ASSOCIATION OF HYPERGLYCEMIA WITH NO-REFLOW OR SLOW REFLOW IN PATIENTS WITH STEMI UNDERGOING PPCI
DOI:
https://doi.org/10.4238/gtwvhq13Keywords:
Hyperglycemia, Slow-reflow, No-reflow, STEMI, Primary PCI, Diabetes mellitus, TIMI flow gradeAbstract
Background: Primary percutaneous coronary intervention (PPCI) is associated with no-reflow and slow-reflow phenomena in patients with ST-elevation myocardial infarction (STEMI) which is associated with larger infarct size, ventricular dysfunction and mortality.
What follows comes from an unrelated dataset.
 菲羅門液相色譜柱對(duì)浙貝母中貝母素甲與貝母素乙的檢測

Patients with hyperglycemia at admission have poor outcomes, but there are limited data in people with diabetes, particularly in the region of South Asia.
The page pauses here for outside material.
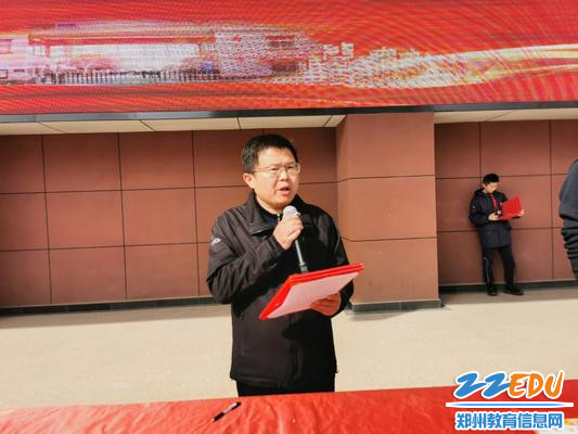 升旗仪式结束后,郑州八中政教处副主任甘铁权对2025届国旗班队员的辛苦付出、优良作风、深厚情谊表示认可,同时,也表达了对退队队员的真诚祝福和殷切期望,他说:“虽然已经退队,希望你们继续秉承国旗班热烈的爱国之情,勇毅担当之姿,不惧困难、不畏辛苦的精神,将国旗班精神发扬光大。”

Objective: To assess the association between admission hyperglycemia and no-reflow/slow-reflow in diabetic STEMI patients undergoing primary percutaneous coronary intervention.
Methods: A prospective cohort study with consecutive sampling of 116 diabetic STEMI patients (58 hyperglycemic, 58 normoglycemic) in NICVD Karachi over a period of six months. Hyperglycemia was considered as admission glucose level ≥180 mg/dL. The coronary flow was evaluated using TIMI grading, and the adjusted relative risk for no-reflow/slow flow was estimated by Modified Poisson Regression.
Results: Hyperglycemic patients were more likely to experience no-reflow/slow-flow than were normoglycemic patients (63.8% vs 19.0%, p < 0.001). Unadjusted RR = 3.36 (95% CI: 1.92 – 5.88). With adjustment, hyperglycemia was still emerged as an independent predictor (ARR = 2.98; 95% CI: 1.68 – 5.28; p < 0.001). Time of ischemia (ARR = 1.12 per 10 min; p = 0.003) and time from door-to-balloon (ARR = 1.08 per 10 min; p = 0.028) were significantly associated. Patients with hyperglycemia experienced more arrhythmias (20.7% vs. 3.4%; p = 0.004), stent thrombosis (12.1% vs. 1.7%; p = 0.032), and death rate (20.7% vs. 1.7%; p = 0.001).
Conclusion: Admission hyperglycemia is an independent predictor of no-reflow/slow-flow in diabetic STEMI patients. The routine measurement of glucose levels at presentation will allow for early risk stratification and may lead to more intensive management to achieve better outcomes.